Weak passwords are easy to crack. The definition of weak passwords may vary with users or user groups. Users can define their own weak passwords.

The password_policy parameter specifies whether to enable the password strength verification mechanism. The default value is 1, indicating that the password strength verification mechanism is enabled.

Data Encryption and Storage

Imported data is encrypted before stored.

This feature provides data encryption and decryption APIs for users and uses encryption functions to encrypt sensitive information columns identified by users, so that data can be stored in tables after being encrypted.

If you need to encrypt the entire table, you need to write an encryption function for each column. Different attribute columns can use different input parameters.

If a user with the required permission wants to view specific data, the user can decrypt required columns using the decryption function API.

Ledger Database

To prevent database O&M personnel from stealing, tampering with, and erasing traces of the database, you can use the ledger database feature to perform comprehensive audit and trace the history. When a tamper-proof user table is modified, the database records the modification behavior to the history table where only data can be appended. In this way, the operation history can be recorded and the operation source can be traced.

The ledger database stores and verifies historical operations by generating data hash digests. Ledgers refer to user history tables and global blockchain tables. For table-level data modification operations, the system records the operation information and hash digest in a global blockchain table. In addition, each tamper-proof user table corresponds to a user history table to record the hash digest of row-level data changes. You can determine whether the user table is tampered by recalculating the hash digest and verifying the hash digest consistency.

Each record in the ledger represents a given operation fact that has occurred.

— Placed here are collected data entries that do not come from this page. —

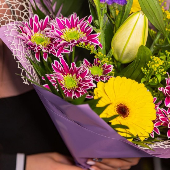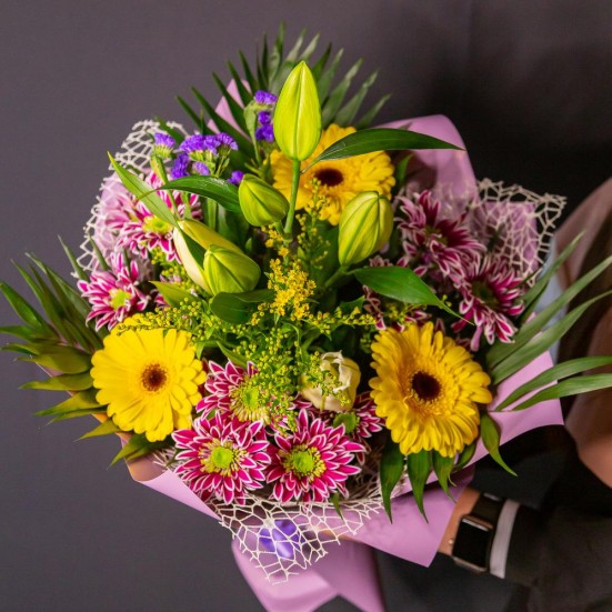 Букет с розами, хризантемами, лилиями, герберами в Кемерово
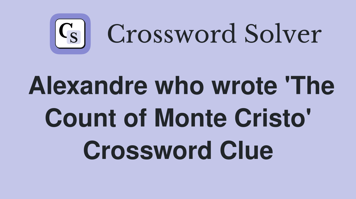 Alexandre who wrote The Count of Monte Cristo Crossword Clue
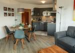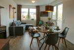 Der großzügige, hell und modern eingerichtete Wohnbereich bietet eine zusätzliche Schlafgelegenheit für 2 Pers. , einen Essbereich, Küchenzeile und führt auf den Balkon.
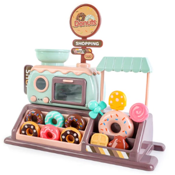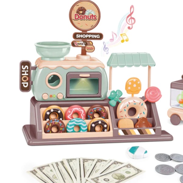 - Comes with a variety of accessories, including doughnuts, candies, a doughnut shelf, an oven, a doughnut and candy car, 6 coins, and 15 paper money
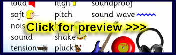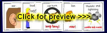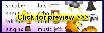 A set of very useful visual aids linked to the topic of ‘Sound and Hearing’. The file consists of 18 A4-sized printable sheets showing various sound sources and the sounds that they make, together with other words and pictures linked to sound - such as ‘echo’, ‘ear’, ‘high and low’ and ‘loud and quiet’.
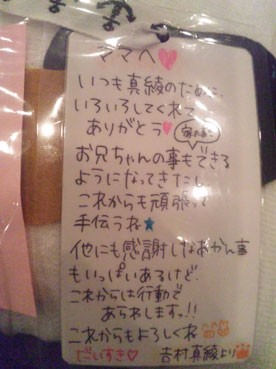 感謝のつどいで真綾からママにプレゼントしたのは家庭科の時間に作ったてづくりの猫のデザインのクッション!

The content of the record can only be appended and cannot be modified. The consistency between the tamper-proof user table and the corresponding history table can be checked to identify and track the tampering behavior. In addition, the ledger database provides an API for checking the tamper-proof user table consistency and an API for restoring and archiving history tables to meet the requirements of tampering identification, data expansion and mitigation, and historical data restoration and archiving.

AI Capabilities

AI4DB

AI4DB includes intelligent parameter tuning and diagnosis, slow SQL discovery, index recommendation, time sequence prediction, and exception detection. It provides users with more convenient O&M operations and performance improvement, and implements functions such as self-tuning, self-monitoring, and self-diagnosis.

DB4AI

DB4AI is compatible with the MADlib ecosystem, supports more than 70 algorithms, and delivers performance several times higher than that of MADlib on PostgreSQL. Advanced and common algorithm suites such as XGBoost, prophet, and GBDT are added to supplement the shortcomings of the MADlib ecosystem. The technology stack from SQL to machine learning is unified to implement one-click driving of SQL statements from data management to model training.

The fenced UDF and native DB4AI algorithm capabilities are provided, including the execution plan, operators, and SQL syntax in the database.

ABO Optimizer

The ABO optimizer features that openGauss uses lightweight machine learning to optimize query plans. The current version provides two functions: intelligent cardinality estimation and adaptive plan selection.

Intelligent cardinality estimation uses the Bayesian network algorithm in the database to improve the cardinality estimation accuracy of multi-column equality query on data with strong correlation between columns by several times, and significantly improves the end-to-end execution efficiency.
Adaptive plan selection uses linear expansion of query selection rate to explore cache plans, and uses query selection rate range to match and select cache plans. This compensates for the defect that the execution plan cannot adapt to a single general cache plan, and avoids the cost caused by frequent calling of query optimization. In typical scenarios, the performance can be improved by several times.